What does this PR do?

This PR implements an LLM-powered description generator for blog posts, building on the initial work from PR #2368 by @arielweinberger.

Key Improvements

  • Type Safety: Replaced any types with proper TypeScript interfaces
  • Simplified Processing: Streamlined content extraction using raw Markdoc content
  • Error Handling: Added comprehensive fallbacks for empty content and parsing failures
  • CI/CD Support: Added --skip-existing flag for automated workflows (for future use so it’s not missed)
  • Professional Output: Refined prompts for senior engineering audiences
  • Enhanced CLI: Added help system and better error messages
  • Compatibility: Fixed tsx execution issues
  • Documentation: Added usage examples and troubleshooting

Usage

# Generate description for a single file
npm run generate:page-description -- --file-path ./blog-post.markdoc

# Skip files that already have descriptions (CI/CD). (for future use when automated)
npm run generate:page-description -- --file-path ./blog-post.markdoc --skip-existing

# Show help
npm run generate:page-description -- --help

Test Plan

Manual Testing Steps:

  1. Install Dependencies:

    npm install
  2. Test Script with Help:

    npm run generate:page-description -- --help

    Expected: Shows usage instructions and available options

  3. Test Script with Sample File:

    npm run generate:page-description -- --file-path "./src/routes/changelog/(entries)/2025-07-10.markdoc"

    Expected: Generates SEO description and displays it in terminal

  4. Test Skip Existing Flag:

    npm run generate:page-description -- --file-path "./src/routes/changelog/(entries)/2025-07-10.markdoc" --skip-existing

    Expected: Skips file if description already exists, or generates description if none exists

  5. Test Error Handling:

    npm run generate:page-description -- --file-path "./nonexistent-file.markdoc"

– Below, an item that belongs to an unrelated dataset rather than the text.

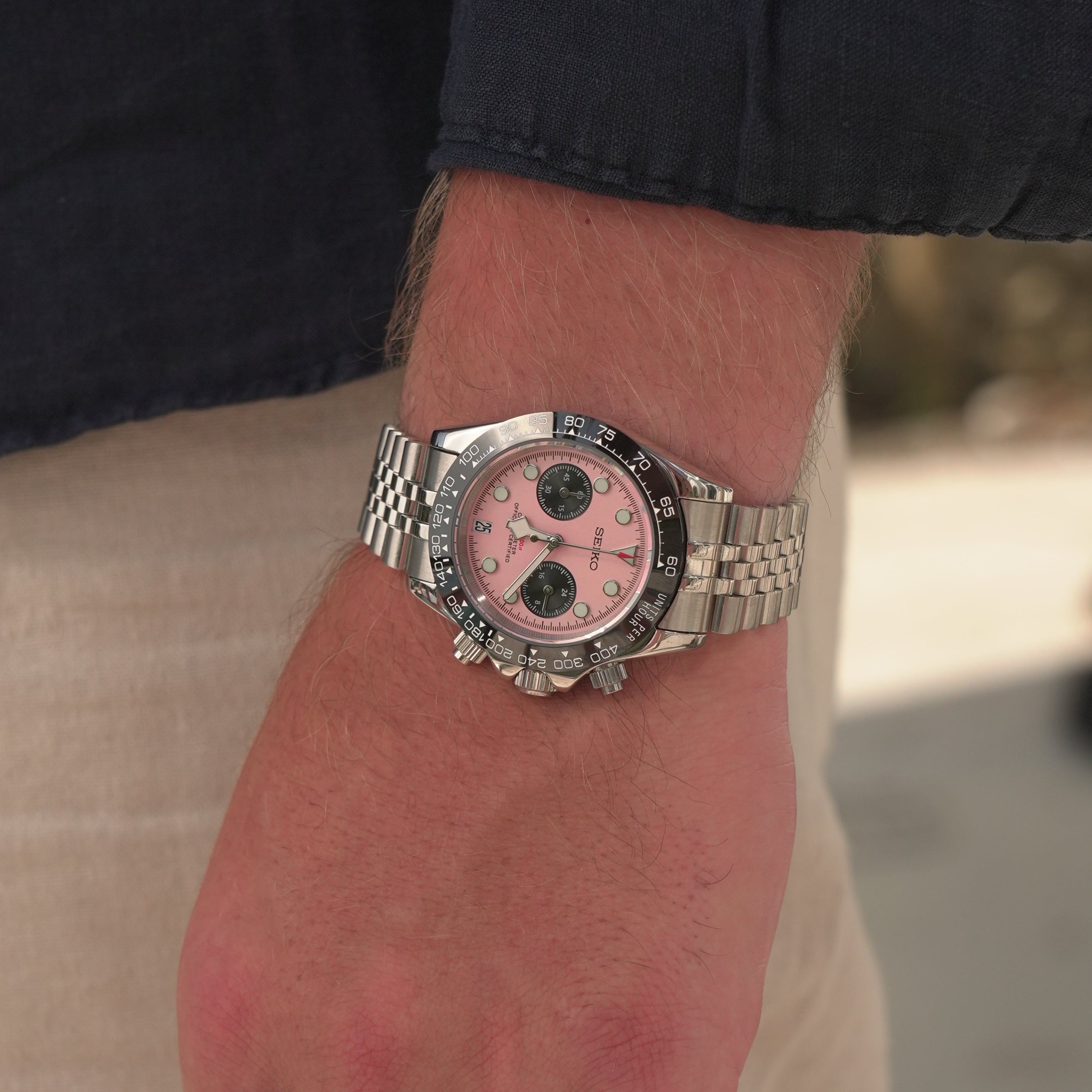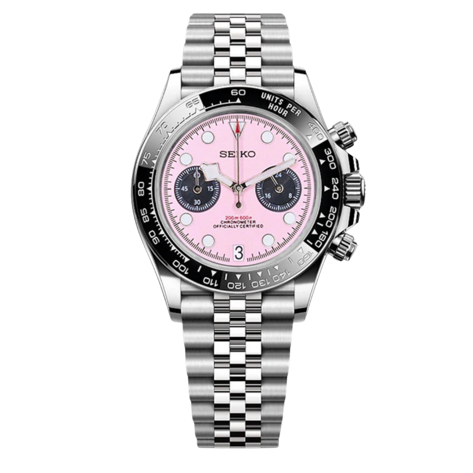 The TUDEIKO line is built around VK63 chronograph models with distinctive colorways such as Miami Pink and White Oyster. Customers describe the designs as modern, vibrant, and highly eye-catching.

    Expected: Shows appropriate error message

Verification:

  • ✅ Script runs without errors
  • ✅ Generates professional SEO descriptions
  • ✅ Handles missing files gracefully
  • ✅ Skip functionality works as expected
  • ✅ Help system displays correctly

Note: Requires valid OPENAI_API_KEY environment variable for full functionality.

Related PRs and Issues

Credits

Closes #2368

Have you read the Contributing Guidelines on issues?

yes

Summary by CodeRabbit

  • New Features

    • Added a command to auto-generate concise (up to 250 characters) page descriptions for docs, improving metadata quality and consistency.
  • Refactor

    • Centralized Markdoc schema configuration for more consistent docs processing and layouts.
  • Chores

    • Introduced new dependencies to support description generation and Markdoc processing.
    • Added an npm script to run the description generator.

Copy link
Contributor

coderabbitai bot commented Sep 12, 2025

Walkthrough

Adds a CLI and programmatic tool to generate ~250-character page descriptions for Markdoc docs using an LLM. Introduces scripts/llm-generate-description.ts with two exports (getDocPageContent, generateDescriptionForDocsPage), a main entrypoint handling args (file path, skip existing), prompt construction, retries if over limit, and structured output. Updates package.json with a new script (generate:page-description) and dependencies (dedent, @ai-sdk/openai, @markdoc/markdoc, ai, front-matter, jsdom, tsx). Refactors svelte.config.js to export a reusable markdocSchema and uses it in preprocess.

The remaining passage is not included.